If I were turning SentinelMesh into a production-grade system, my next improvements would be:

Multi-class attack detection

The current CNN is binary: benign or attack. A stronger version would classify specific attack types such as DDoS, spoofing, scanning, brute force, and web-based attacks.

Per-device behavior modeling

A smart camera and a smart thermostat should not share the exact same baseline.
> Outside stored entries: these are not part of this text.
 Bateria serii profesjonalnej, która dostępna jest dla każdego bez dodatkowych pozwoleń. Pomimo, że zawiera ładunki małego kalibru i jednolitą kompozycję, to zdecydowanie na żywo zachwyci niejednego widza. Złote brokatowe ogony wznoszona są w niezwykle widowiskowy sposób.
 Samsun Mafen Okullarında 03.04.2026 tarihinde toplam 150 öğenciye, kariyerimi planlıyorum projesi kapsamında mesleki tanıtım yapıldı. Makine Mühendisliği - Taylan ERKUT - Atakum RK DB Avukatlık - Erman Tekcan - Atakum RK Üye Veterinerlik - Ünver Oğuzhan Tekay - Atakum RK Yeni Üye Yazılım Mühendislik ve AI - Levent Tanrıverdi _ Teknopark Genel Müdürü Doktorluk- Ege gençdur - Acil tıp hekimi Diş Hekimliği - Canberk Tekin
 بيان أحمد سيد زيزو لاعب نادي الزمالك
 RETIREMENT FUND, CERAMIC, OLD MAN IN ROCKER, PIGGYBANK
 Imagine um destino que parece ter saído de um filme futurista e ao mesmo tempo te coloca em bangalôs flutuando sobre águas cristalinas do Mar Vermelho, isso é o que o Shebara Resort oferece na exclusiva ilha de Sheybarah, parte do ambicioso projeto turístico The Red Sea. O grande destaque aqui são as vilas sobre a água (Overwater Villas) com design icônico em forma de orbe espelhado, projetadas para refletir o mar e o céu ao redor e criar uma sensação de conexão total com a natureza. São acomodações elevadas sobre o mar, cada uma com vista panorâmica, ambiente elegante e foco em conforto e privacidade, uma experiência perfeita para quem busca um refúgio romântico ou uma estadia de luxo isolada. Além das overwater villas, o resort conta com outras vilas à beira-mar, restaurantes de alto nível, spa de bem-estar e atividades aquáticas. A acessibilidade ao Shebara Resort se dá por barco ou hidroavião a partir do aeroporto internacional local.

Each device type should have its own normal behavior profile.

Better LSTM preprocessing

The LSTM should use outlier clipping, robust scaling, and possibly multiple features instead of only traffic rate.

SIEM integration

Alerts should flow into a SIEM such as Splunk, Microsoft Sentinel, or Elastic.

Example alert:

{
  "device_id": "camera-001",
  "cnn_score": 0.97,
  "lstm_error": 18422.5,
  "severity": "critical",
  "action": "isolate_device"
}

Automated response

A future version could trigger actions such as:

  • Block source IP
  • Isolate IoT device VLAN port
  • Disconnect MQTT session
  • Create SIEM incident
  • Notify SOC analyst

Final thoughts

SentinelMesh started as an AI/IoT project, but the bigger lesson was about building security systems.

A good AI security system is not just a model. It needs architecture, data pipelines, preprocessing, inference, alerting, dashboards, and operational feedback.

The CNN gave SentinelMesh a strong attack classifier. The LSTM added anomaly-detection behavior. The dashboard made the results understandable.

Together, those pieces create the foundation for an edge AI intrusion detection system for IoT networks.